The Ministerial Council met to address a handful of southern basin sustainable diversion limits projects - located in NSW and Victoria - that are not expected to meet the plan's 2024 water recovery deadline.

NSW and Victoria have both vocally declared their water efficient projects would not be ready in time.

The ministers agreed to allow the under-pressure projects to be re-examined and put forward with alterations.

NSW Water Minister Melinda Pavey labelled the agreement an "historical day" in the basin's history, and promised to rescope the two SDL projects that had stalled - Yanco Creek and Menindee Lakes - within 2 months

"We have been unable to move on these projects for almost a decade," Mrs Pavey said.

"Communities at Yanco and Menindee have been loud and clear that the projects need to be flexible."

However, Victoria was less than thrilled by the decision and wants the 2024 deadline extended or the laws changed to rule out water buybacks.

Victoria has acknowledged three of its SDL projects need significant community input, consultation and co-design, and could not be delivered in a cooperative way with communities by 2024.
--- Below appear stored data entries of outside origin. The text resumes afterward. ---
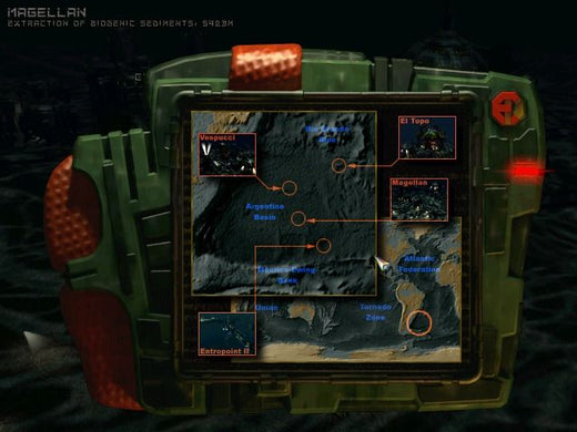 Archimedean Dynasty is a submarine simulation with action elements, and a prequel to the Aquanox series. Controlling Flint, the player completes primary and secondary missions to advance the story and earn money, which can be used to upgrade Flint's vessels. Primary weapons, torpedoes, turret command software, generators, hull plating, noise reduction technology, and other devices can be purchased and installed on the boat. The player then begins a journey in the submarine, viewing the 3D environments from a first-person perspective. Deep sea currents and particularities of the terrain must be observed, and enemies dealt with by using the available weapons on board.
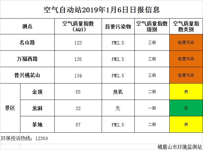 【市环保局】空气自动站2019年1月6日日报信息
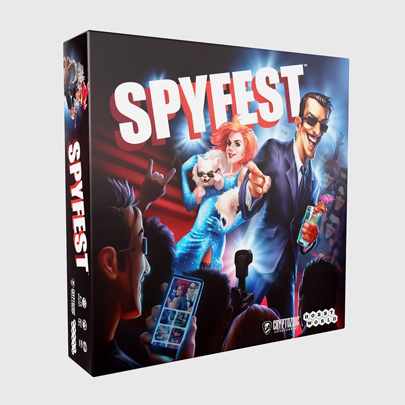 Spyfest by Cryptozoic is a team-based detective party game for 4 to 10 players, ages 12 to adult, and plays in about 30 or more minutes.
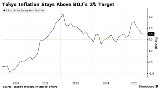 剔除能源与生鲜食品的“超核心”通胀指标(反映潜在物价压力)同比上涨2.5%,同样低于经济学家2.9%的预期;整体通胀率也录得2.5%。由于东京CPI通常被视为日本全国通胀走势的先行指标,因此备受经济学家关注。
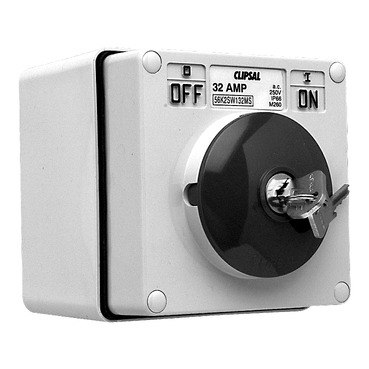 Clipsal - 56 Series Surface Switch 1 Pole, 250VAC, 32A, Key Operated, On/Off Locking Position | Grey
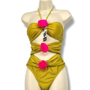 SWMMER LIKET NWT Olive Color Two Cut Out Halter Tie One Piece Swim Suit S
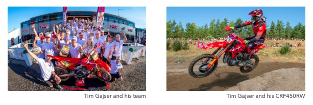 Honda factory team(1) Honda Racing Corporation (HRC) rider Tim Gajser (Slovenia) has won his fourth championship title, his first in two years, in the FIM(2) World Motocross Championship Premier MXGP class (450cc).
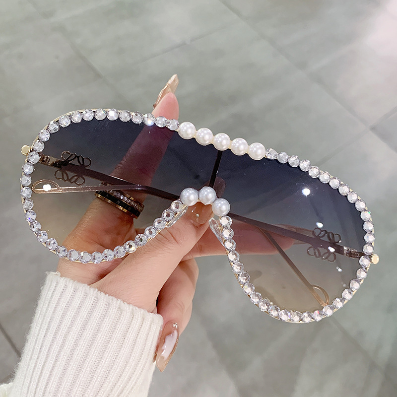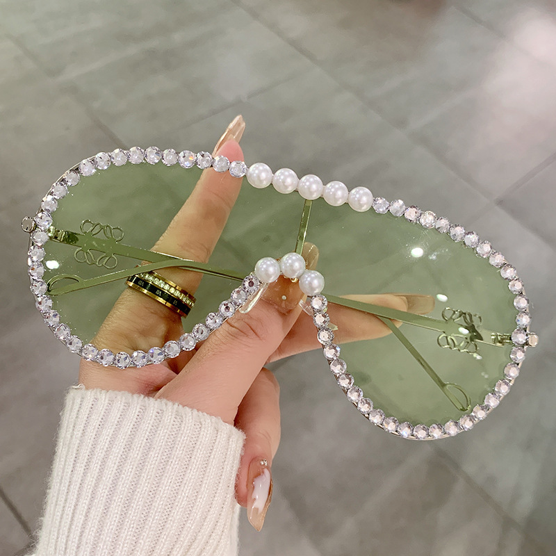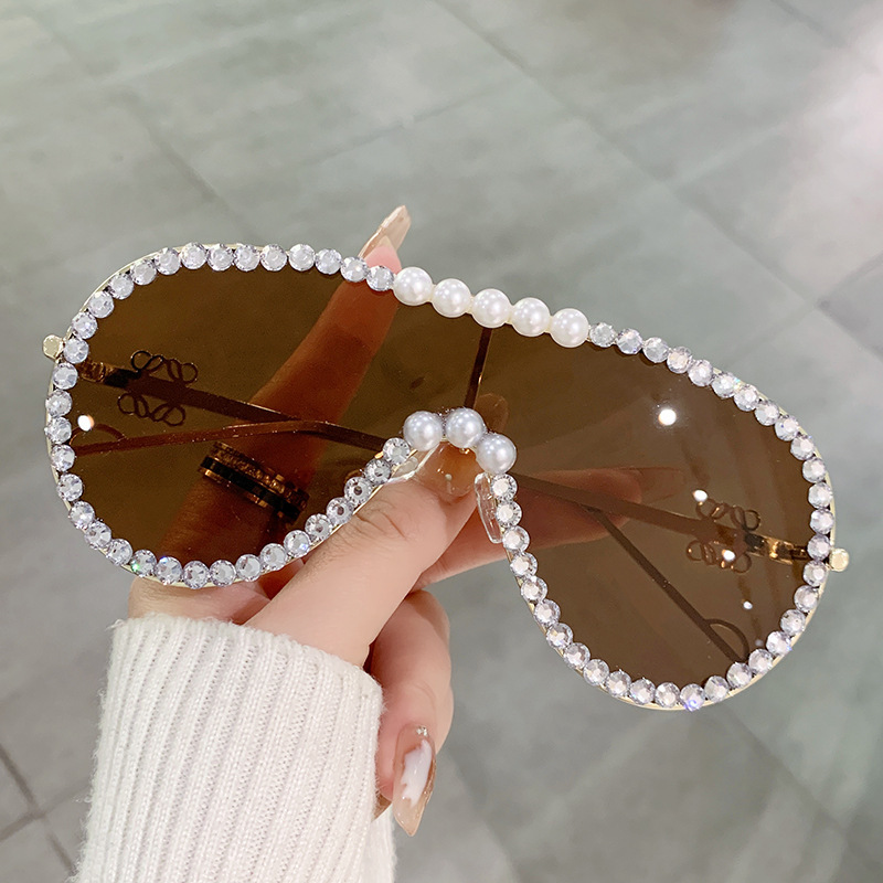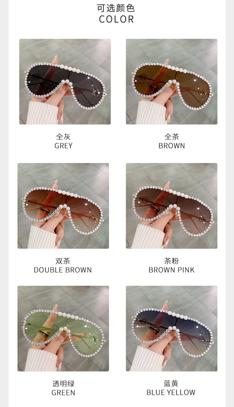 2025 새로운 국경 안경 원피스 대형 프레임 다이아몬드가 박힌 선글라스 여성 하이 레벨 센스 모델 촬영 쇼사이드 선글라스스토어 가기

Victorian Acting Water Minister Richard Wynne said the Commonwealth was once again "failing to deliver confidence and certainty for communities".

"Victoria will continue to work to meet its obligations under the Plan, but we won't ride roughshod over communities to deliver projects that need proper consultation and community co-design," Mr Wynne said.

"As the Productivity Commission found, there should be flexibility around these projects so they can be delivered for the benefit of the environment."

Water Minister Keith Pitt has promised there would be no more water buybacks under his government.

However, despite the promise, under the current legislation, water buybacks remain a possibility if the 2024 deadline is not met.

So far, Mr Pitt has made no attempt to change the legislation to enshrine his promise in law.

"I am on the record that there will be no more buybacks, I can't be clearer than that," Mr Pitt said.

"We agreed our efforts and focus must be to maximise the outcomes from the package of measures within the existing legislative framework.

"We need to remain flexible in our approach and look for innovative initiatives to assist with mitigating risk and get on with the task in front of us."

Queensland and South Australia were satisfied with the outcome of the MinCo meeting, which primarily dealt with southern basin issues.

Queensland Water Minister Glenn Butcher applauded the council's decision to publicly report on the progress of SDL, which would improve the often cited lack of transparency that plagues the MDBP.

SA Water Minister David Speirs said with the basin states reaffirming their commitments to deliver the MDBP, than had been more action in recent months than ever before to deliver the plan in full, including environmental water.

"I have made it clear that I believe the 450GL can and should be delivered via efficiency projects, however, buybacks would be needed as a last resort," Mr Speirs said.